Analyses of effects of variants with uncertain significance in the cancer related genes on the carcinogenesis in general population

2020 Fiscal Year Final Research Report

• Project/Area Number: 17K07193
• Research Category: Grant-in-Aid for Scientific Research (C)
• Allocation Type: Multi-year Fund
• Section: 一般
• Research Field: Tumor diagnostics
• Research Institution: Miyagi Prefectural Hospital Organization Miyagi Cancer Center (2018-2020); Tohoku University (2017)
• Principal Investigator: Yasuda Jun 地方独立行政法人宮城県立病院機構宮城県立がんセンター(研究所), 発がん制御研究部, 部長 (00281684)
• Co-Investigator(Kenkyū-buntansha): 齋藤 さかえ 東北大学, 東北メディカル・メガバンク機構, 講師 (20335491)
• Project Period (FY): 2017-04-01 – 2021-03-31
• Keywords: がん素因遺伝子 / VUS / 前向きゲノムコホート / 家族性乳がん卵巣がん症候群

Outline of Final Research Achievements

We investigated moderately morbid VUS of familial tumor-associated genes based on Tohoku University's Japanese whole genome reference panel data to see whether they indicate an accumulation of history of malignancy and family history of malignancy based on the questionnaire information.
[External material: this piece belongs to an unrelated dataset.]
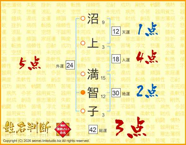 沼(9画)上(3画) 満(15画)智(12画)子(3画)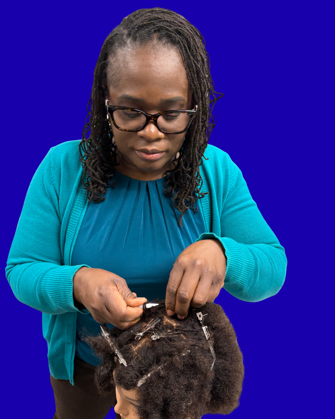 My background is in social work, where I spent years helping people improve their lives and feel supported. That same love for helping others led me to discover my passion for Sisterlocks.

We examined BRCA1/2, the causative gene of hereditary breast and ovarian cancer syndromes, which is included in the Japanese standard genome panel 3.5KJPNv2, and established the conditions for moderately pathological mutations (CADD>25, Eigen>0.5, MAF<0.0005). Furthermore, we compared the results with those of 35,000 participants' past and family history data collected by the Tohoku Medical Megabank Project and found that the incidence of cancer in sisters of the cohort with these moderately pathological mutations was statistically significantly higher than that of their counterparts, which was reported in a European peer-reviewed journal.

Free Research Field

腫瘍遺伝学

Academic Significance and Societal Importance of the Research Achievements

家族性腫瘍関連遺伝子の中等度に病的なVUSの腫瘍発症への寄与が統計学的に検出可能であることを示したのは前向きゲノムコホートが研究上有用であることを示した。また、こうした腫瘍関連遺伝子の中等度の病的変異を持つ個人にとってがんの発症予防や早期の検診受診などで直接利益が生まれる可能性がある。今後こうした中等度の病的変異をリスク要因として組み込んだ精密医療の確立に大きく資する研究成果と考えられる。